Vector databases store data as numerical embeddings (vectors) and retrieve items by similarity, not by exact match. This makes them essential for RAG: you embed your documents once, then at query time, embed the question and find the closest document chunks.
Both Pinecone and Weaviate excel at this — but they take very different approaches.
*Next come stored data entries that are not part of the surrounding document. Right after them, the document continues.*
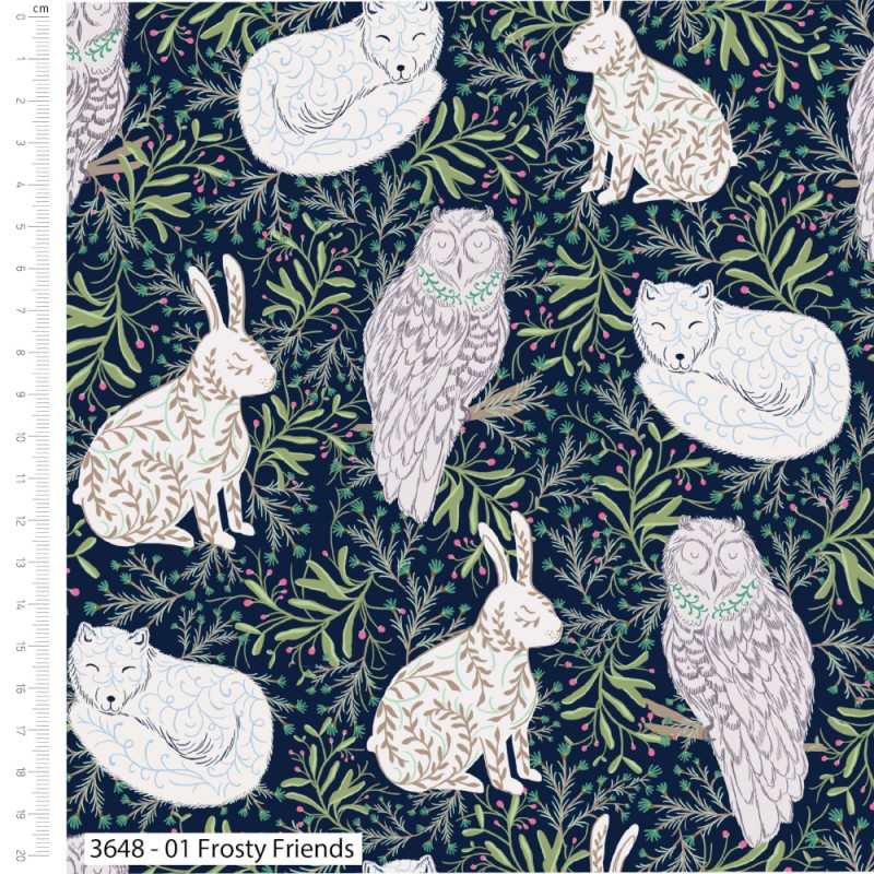 Frosty Friends is part of the Arctic Animals collection, designed by Bethany Salt for Craft Cotton Co. This charming print features white woodland animals including rabbits, owls and foxes, nestled among green foliage, all set against a deep navy background. The whimsical design adds a magical touch, making it a great choice for seasonal and nature-inspired sewing.
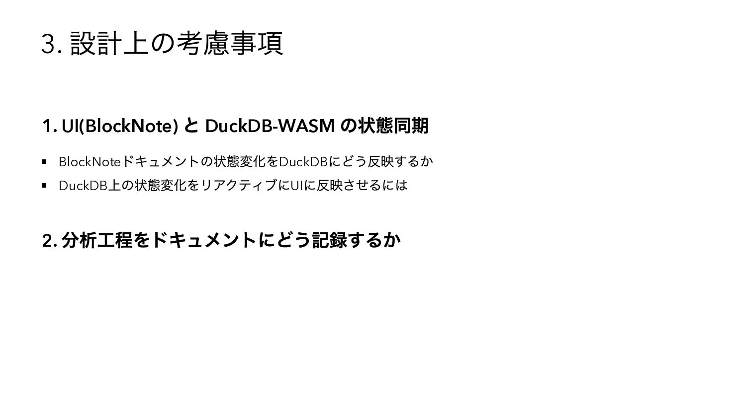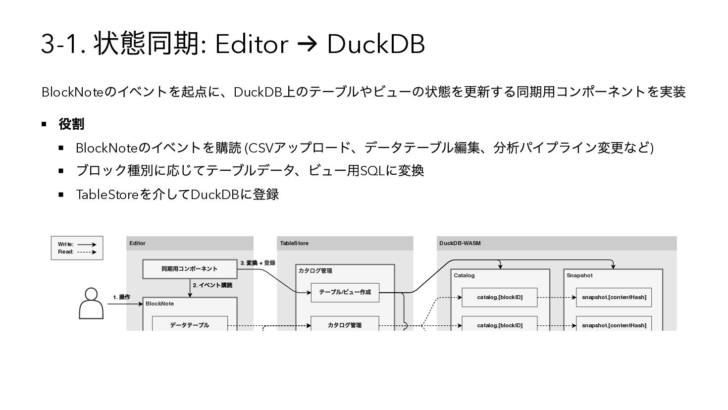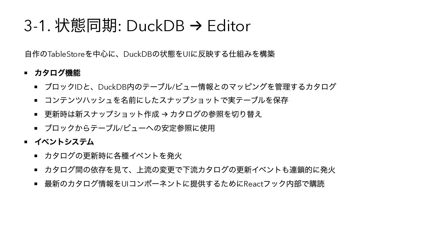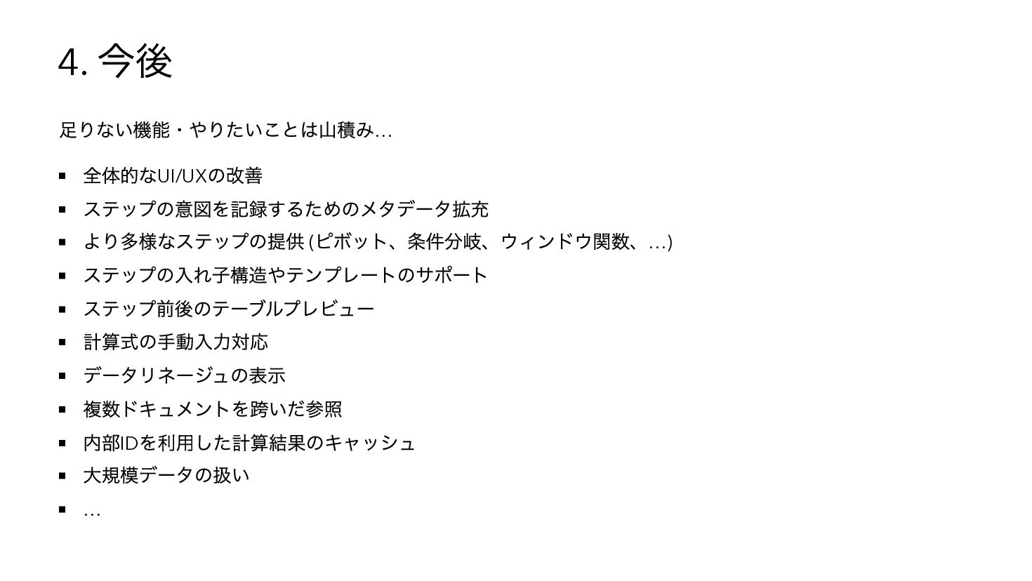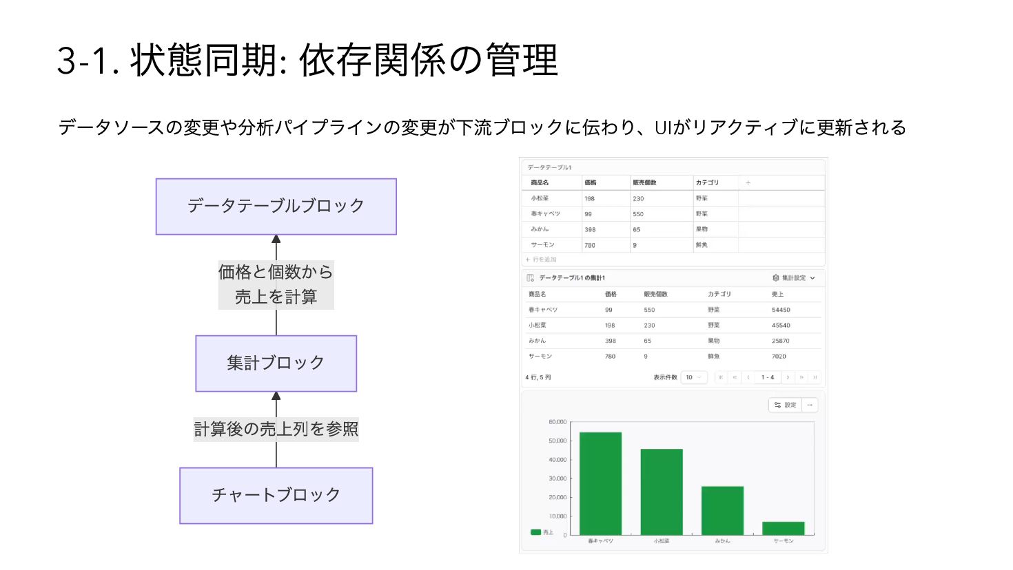 を使用したSQL へコンパイル { "base": { "table": "catalog.sales" }, "steps": [ { "op": "filter", "predicate": { "type": "binary", "op": "GT", "left": { "ref": { "name": "qty" } }, "right": 3 } }, { "op": "compute", "adds": [{ "alias": "tax_inc", "op": "MUL", "left": { "ref": { "name": "price" } }, "right": 1.1 { "op": "sort", "by": [{ "ref": { "name": "tax_inc" }, "order": "desc" }] } ] } WITH base AS (SELECT * FROM "catalog"."sales"), s0 AS (SELECT * FROM base WHERE "qty" > ?), s1 AS (SELECT *, ("price" * ?) AS "tax_inc" FROM s0), s2 AS (SELECT * FROM s1 ORDER BY "tax_inc" DESC) SELECT * FROM s2 -- params: [3, 1.1]
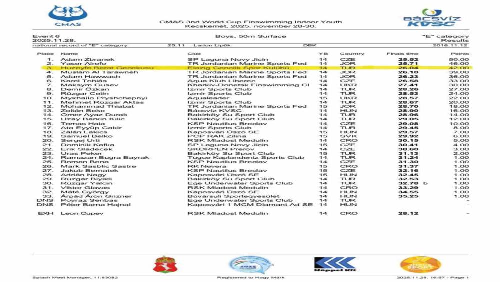 Macaristan’ın Kecskemet kentinde düzenlenen CMAS 2025 Paletli Yüzme Gençler Dünya Kupası, dünyanın birçok ülkesinden genç sporcuların katılımıyla gerçekleştirildi. Elazığ’ı temsilen yarışmalara Elazığ Gençlik ve Spor Kulübüne bağlı 5 sporcu ve 3 antrenör katıldı. Dünya Kupası’nda yarışan genç sporcular arasında üstün performans sergileyen Huzeyfe Berat Gecekuşu, iki farklı kategoride önemli başarı elde etti. Gecekuşu, 50 metre su üstü ve 200 metre su üstü stillerinde gösterdiği başarılı derecelerle dünya 3.’sü olarak bronz madalya kazandı. Genç yüzücünün başarısı hem kulübünde hem de Elazığ spor camiasında sevinç oluşturdu.
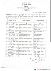 श्वेता श्रीवास्तव सिन्हा को पुलिस अधीक्षक रेल रायपुर से हटाकर पुलिस अधीक्षक, रायपुर ग्रामीण बनाया गया है। वहीं इंदु अग्रवाल (IPS-2022), नगर पुलिस अधीक्षक आजाद चौक रायपुर को पुलिस सहायक आयुक्त, आजाद चौक, रायपुर नगरीय पदस्थ किया गया है।

Pinecone: Managed Simplicity
Pinecone is the go-to choice for teams that want to ship fast. It’s a fully managed, serverless vector database — you never touch infrastructure. The API is minimal: create an index, upsert vectors, query.
Pinecone Setup
pip install pinecone
from pinecone import Pinecone, ServerlessSpec
pc = Pinecone(api_key="your-api-key")
# Create an index
pc.create_index(
name="my-rag-index",
dimension=1536, # text-embedding-3-small output size
metric="cosine",
spec=ServerlessSpec(cloud="aws", region="us-east-1"),
)
index = pc.Index("my-rag-index")
Upsert Vectors
# Upsert with metadata
index.upsert(
vectors=[
{
"id": "doc-001",
"values": [0.1, 0.2, ...], # 1536-dim embedding
"metadata": {
"source": "manual.pdf",
"page": 3,
"text": "The API supports batch operations up to 100 vectors..."
}
},
# ... more vectors
]
)
Query
query_embedding = embed("How do I batch upsert vectors?")
results = index.query(
vector=query_embedding,
top_k=5,
filter={"source": {"$eq": "manual.pdf"}}, # metadata filter
include_metadata=True,
)
for match in results.matches:
print(f"Score: {match.score:.3f}")
print(f"Text: {match.metadata['text']}")
Pinecone with LangChain
from langchain_pinecone import PineconeVectorStore
from langchain_openai import OpenAIEmbeddings
vectorstore = PineconeVectorStore(
index_name="my-rag-index",
embedding=OpenAIEmbeddings(model="text-embedding-3-small"),
)
# Add documents
vectorstore.add_texts(["Doc 1...", "Doc 2..."], metadatas=[{"source": "a"}, {"source": "b"}])
# Search
docs = vectorstore.similarity_search("How do I query Pinecone?", k=3)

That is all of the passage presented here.